In late 2015 the Seattle city council passed an ordinance giving independent contractor for-hire drivers the right to collectively bargain certain working conditions through selected representatives. Recently, the Seattle City Council publicly stated that it was seeking guidance on how the National Labor Relations Board would implement the ordinance. As former NLRB General Counsel under both Democratic and Republican Administrations, I would like to weigh in.     

The ordinance became law without benefit of the mayor’s signature because, he said, the ordinance imposes unknown costs and places significant rulemaking burdens on city staff. Further, the mayor said additional clarifying legislation would be needed from the council.  

At the other end of the spectrum, a lawsuit filed in federal court claimed, among other things, that the ordinance is inconsistent with and preempted by the Sherman Antitrust Act and the National Labor Relations Act, relying on the supremacy clause of the U.S. constitution and several supreme court decisions. The suit was dismissed on procedural grounds, but the legal issues it raises have not gone away. There is little reason to believe they will not be pursued once the procedural hurdles have been overcome.

The concerns expressed by the mayor and the claims made in the federal court suit raise valid and important issues. But the ordinance is fundamentally flawed in at least one other respect: It fails to provide for certain basic protections afforded to workers covered by the National Labor Relations Act (NLRA).  

Independent contractors like the drivers are not covered by the NLRA, and for good reason.  Contractors are entrepreneurs who essentially set their own flexible working terms, unlike employees covered by the NLRA. But since the Seattle ordinance nevertheless extends collective bargaining to them, there is no reason to deny the drivers certain fundamental protections given to workers under the NLRA.  

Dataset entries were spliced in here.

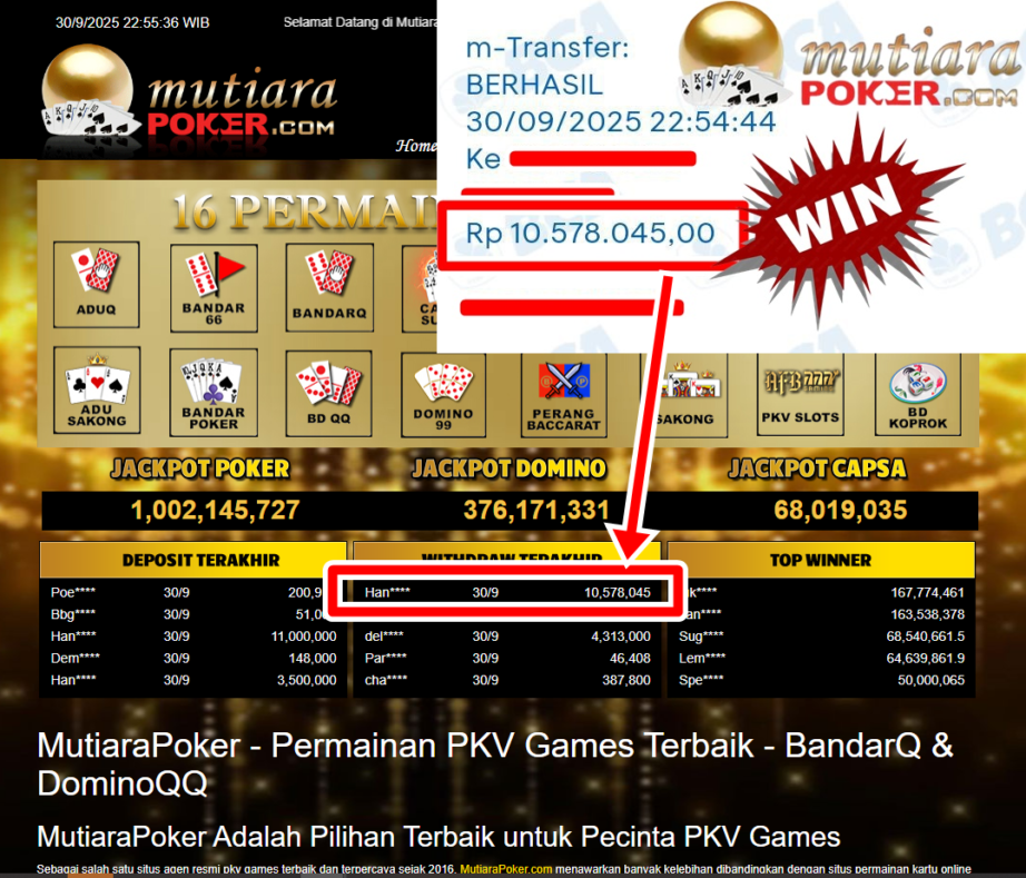 Bukti Withdraw ( 10,578,045,- ) Member Setia MutiaraPoker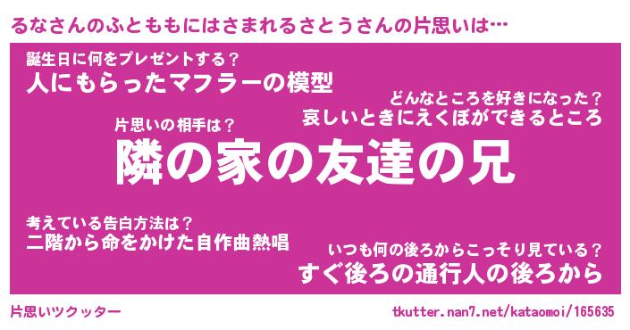 | 料理風あだ名 | 『ほっこり♪るなさんのふとももにはさまれるさとうの味噌そぼろ煮』 |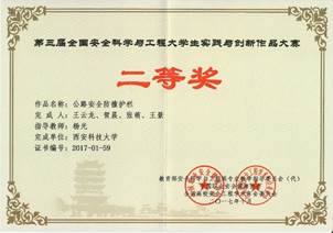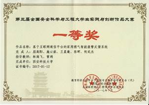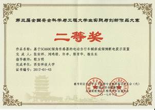 2017年10月19日至21日,在武汉理工大学举行的第三届全国安全科学与工程老员工实践与创新作品大赛决赛中,十大外围足球平台app林海飞、曹鸿老师指导,屈高阳等同学完成的作品《基于互联网通信平台的家用燃气智能报警反馈系统》荣获一等奖;杨光老师指导、王云龙等同学完成的作品《公路安全防撞护栏》,程方明老师指导、张安邦等同学完成的作品《基于SCA60C倾角传感器的电动自行车倾斜或倾倒断电提示装置》荣获二等奖;赵鹏翔老师指导、童鑫等同学完成的作品《新型矿用-助吸-防尘一体化安全帽》,杨光老师指导、苏小霞等同学完成的作品《新能源室外净化装置设计》,刘纪坤老师指导、许宇等同学完成的作品《基于安全距离的防追尾自车预警系统》荣获三等奖。十大外围足球平台app荣获“优秀组织奖”。
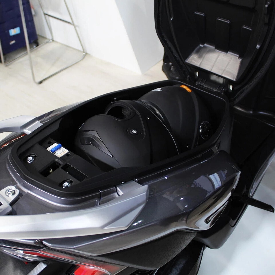 Der Roller verfügt über ein großes 36 Liter Staurabteil unter dem Sitz, in dem ein Helm Platz findet.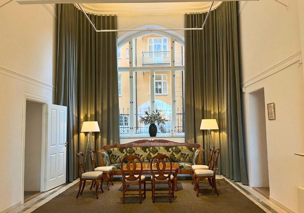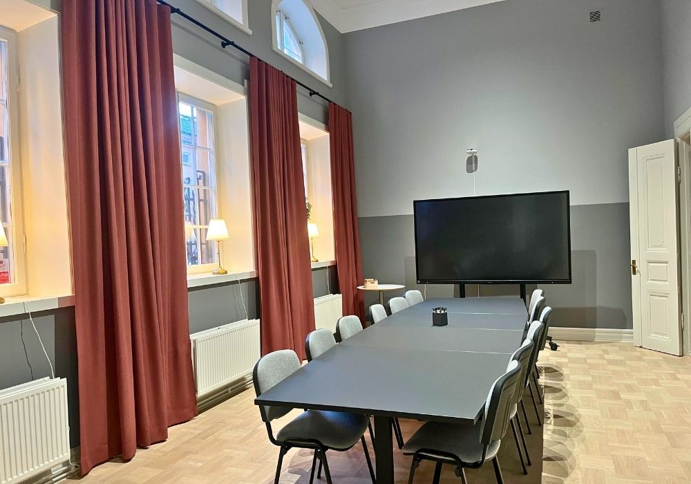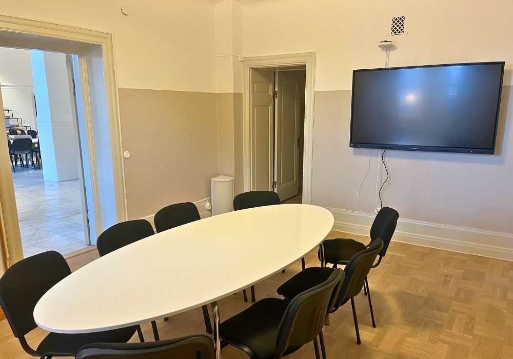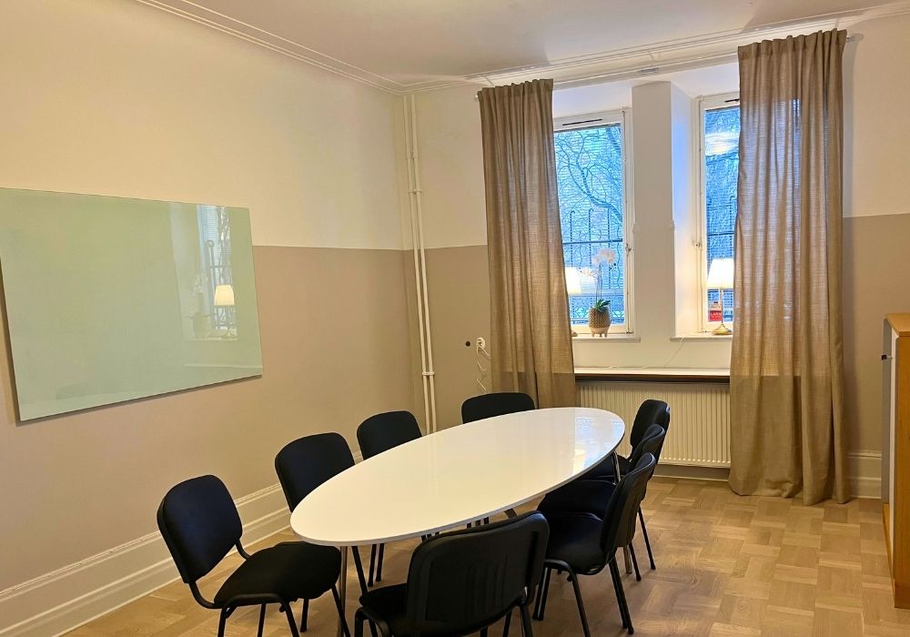 Ett effektivt och avskilt mötesrum med utsikt mot slottet. Rummet lämpar sig väl för mindre möten eller grupparbeten. Den rofyllda miljön skapar goda förutsättningar för fokuserade samtal och produktiva diskussioner.
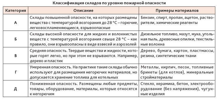 - характеристики складированных товаров – этот показатель определяет класс пожара;

Under the ordinance the City must, by regulation, define who is a “qualified driver” eligible to participate in the selection of the drivers’ representative.  If not carefully drafted, the city’s definition may deny many drivers a voice in the choice of whether to select a representative—or not. Unduly narrow restrictions on who is a “qualified driver” would be inconsistent with NLRB policies and practices.       

Under the NLRA, a wide variety of employees—full time, part time, temporary, seasonal, on-call, intermittent—may participate in the choice on union representation.  This gives most all employees an opportunity to have a voice in the choice. The city’s definition of who is a “qualified driver” should be based on a similar policy of inclusiveness. Unfortunately, nothing in the ordinance guarantees this.

However a qualified driver is defined, the ordinance also fails to provide the protection of a secret ballot election to determine whether a representative is desired. Instead, the organization seeking to become the representative need only obtain a “statement of interest” from a majority of the drivers, based only upon driver signatures on non-secret cards collected by the very entity seeking representative status.  

For a number of reasons, this system—known as a “card check”—is not a reliable way to determine the drivers’ desire for representation. For example, many times signers of cards do not know that the cards may be used to obtain representation without an election. Workers often sign cards to avoid offending a fellow worker, or to avert union pressure, or because they think that signing the card will result in a secret ballot election. Intimidation may also play a part in whether an individual will sign a card.

Because of this, the National Labor Relations Board (NLRB) and the U.S. Supreme Court have long held that a secret ballot election is the preferred method to determine union representation. Under the NLRA, employers may insist upon a secret ballot election in which their employees may vote on union representation. But there is no secret ballot protection provided by the ordinance.

Finally, if and when a union is chosen, the ordinance imposes an extraordinarily short 90-day bargaining timeline for the parties to reach an agreement. This timeline alters the normal give and take bargaining process, and creates artificial pressure to hurriedly resolve complex bargaining issues without due consideration by both parties. This limits the opportunity for driver input and feedback as well. If no contract is reached within the 90 days, an arbitrator may impose a binding two year agreement involuntarily on the parties.  

Under the NLRA, collective bargaining is recognized as a process in which the parties themselves work out the issues based on voluntary agreement and the free play of economic forces. The Board may not impose contract terms on the parties, and arbitral imposition of a contract is allowed only where the parties have specifically and voluntarily agreed to it.  None of this is provided for in the ordinance.

Ultimately, the legality or workability of Seattle’s new ordinance may be decided on the basis of the local problems articulated by the mayor and the national issues raised in the federal court suit. But the city should not lose sight of the fact that apart from those vitally important concerns, the ordinance is also deficient because it denies key legal procedures and protections to the drivers whom it purports to be helping.  

Ronald Meisburg is Special Counsel to the law firm of Hunton & Williams. He served as general counsel of the National Labor Relations Board under Presidents George W. Bush and Barack Obama.